Sally’s gaze holds steady, though she blinks rapidly. “I suppose it does.”
I wind the conversation back one notch. “But eventually Conrad did level with you? About his social life?”
“Oh I don’t know if he ever leveled,” Sally says. She glances round the brasserie. She wants another coffee. “If intensity was the primary trait of those Sultan brothers, deviousness wasn’t far behind. Conrad likes to play games, and as the years went by, and he lost that aloofness of his youth, he volunteered all sorts of admissions. He became a great one for shocking non sequiturs. But I gather there was a time when he was very promiscuous. He certainly never had the knack of settling down with one person, I’m not sure why.”
“Maybe because he’s absolutely and utterly impossible?”
“That might have something to do with it. In any case, it’s regrettable now, when he so much needs looking after, there’s nobody to take care of him.”
“But he talks to you about his illness? He always shuts the door in my face
. . .”
“Well he does talk to me about it, albeit in his typically mordant and combative way. I suppose he likes to complain to me. This has something to do, I gather, with his notion that I—alone on the planet—lead some sort of charmed life. I can just see and hear him.” Sally narrows her eyes, in impersonation of Conrad’s hooded grin, and in a gruff, lowered voice declares, ‘Has cancer struck her yet? Oh no, not her, not our Sally, despite all those cigarettes . . .”

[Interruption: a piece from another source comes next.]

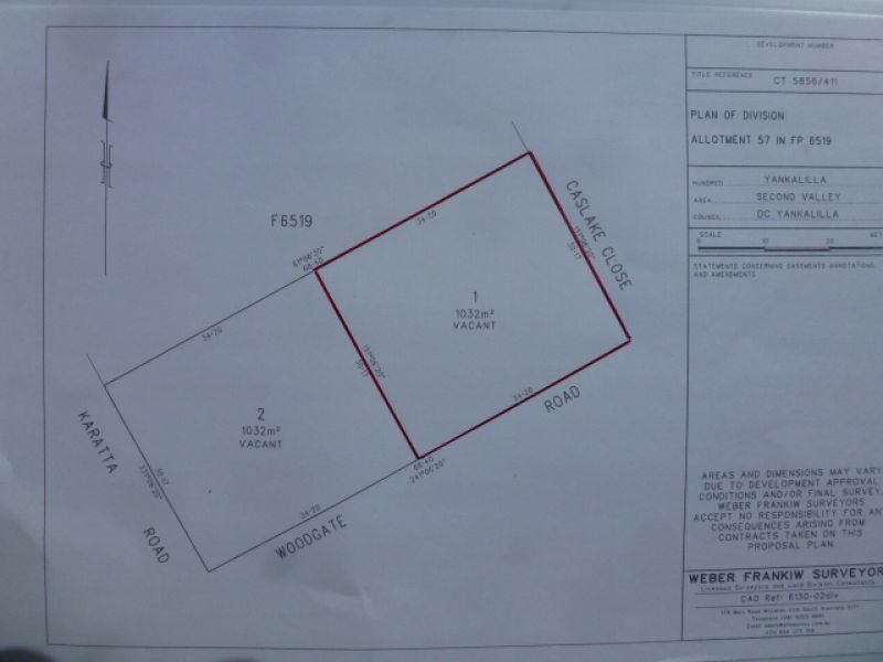 This is an almost square, gently sloping corner block of 1032 sq.m. (Block No. 1 on plan), offering a quiet lifestyle on the outskirts of the rural seaside village of Second Valley with it's beach, jetty and kiosk. It is situated aprox. 15 minutes drive from the schools, shops, beach and other anemities of Normanville/Yankalilla and about 90 minutes from the centre of Adelaide. Also within easy reach is Cape Jervis for the Kangaroo Island ferry and the start of the Heysen Trail.

Oh, but she has Conrad down! In this brasserie in the south of France, she has placed him before me in all his vast, exasperated merriment. I say to her, “I think he scares people off.”
“He’s had a hard time. He’d probably deny it now, but he had a very rough coming out. I don’t mean to play amateur sleuth, it’s presumptuous of me to talk about it, who am I to sit here sipping a fancy coffee in Mare aux Cerfs and making pronouncements about my ailing ex-brother-in-law in Miami?—but I’ve often thought that’s the reason Conrad has no interest in anything you might call cultural life. Long ago, back in our Restoration days, when he didn’t know anything, when none of us knew anything, and he was in a state of absolute denial, I think he came to the conclusion that cultural life was the province of women and homosexuals. Poetry, painting, classical music—it all belonged to the homosexuals. As such, it had nothing to do with Conrad Sultan, who cared only about running track and wrestling and throwing a football. And when it came time to find a profession, he wasn’t going to be any hairdresser or dancer or interior decorator—God knows, he was going to be an accountant. And the rather sad and amazing truth is, I don’t think he’s ever conquered those initial prejudices. Am I making sense to you?”